The key is to realize each number can be and have to be generated by a former number multiplied by 2, 3 or 5

e.g.

1 2 3 4 5 6 8 9 10 12 15..

what is next?

it must be x * 2 or y * 3 or z * 5, where x, y, z is an existing number.

How do we determine x, y, z then?

apparently, you can just *traverse the sequence generated by far* from 1 ... 15, until you find such x, y, z that x * 2, y * 3, z * 5 is just bigger than 15. In this case x=8, y=6, z=4. Then you compare x * 2, y * 3, z * 5 so you know next number will be x * 2 = 8 * 2 = 16.

k, now you have 1,2,3,4,....,15, 16,

Then what is next?

You wanna do the same process again to find the new x, y, z, but you realize, wait, do I have to

*traverse the sequence generated by far* again?

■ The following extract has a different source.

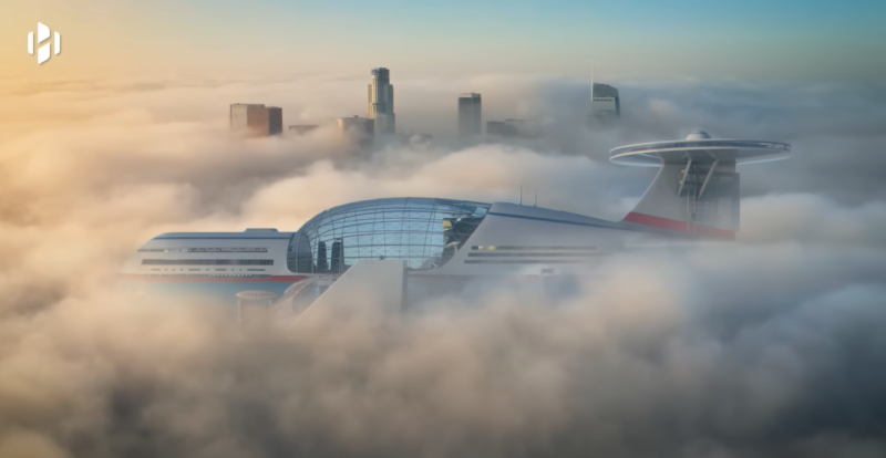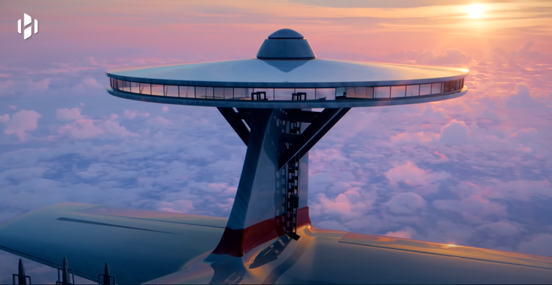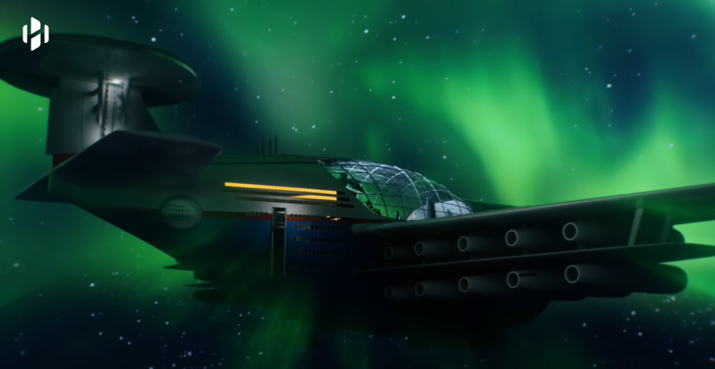 핵융합 발전을 통해 하늘에 떠서 몇 달~몇 년간 돌아다니는 공중 호텔 컨셉인 '스카이 크루즈(Sky Cruise)' 입니다.

NO! since you know last time, x=8, y=6, z=4 and x=8 was used to generate 16, so this time, you can immediately know the new_x = 9 (the next number after 8 is 9 in the generated sequence), y=6, z=4.

Then you need to compare new_x * 2, y * 3, z * 5. You know next number is 9 * 2 = 18;

And you also know, the next x will be 10 since new_x = 9 was used this time.

But what is next y? apparently, if y=6, 6*3 = 18, which is already generated in this round. So you also need to update next y from 6 to 8.

Based on the idea above, you can actually generated x,y,z from very beginning, and update x, y, z accordingly. It ends up with a O(n) solution.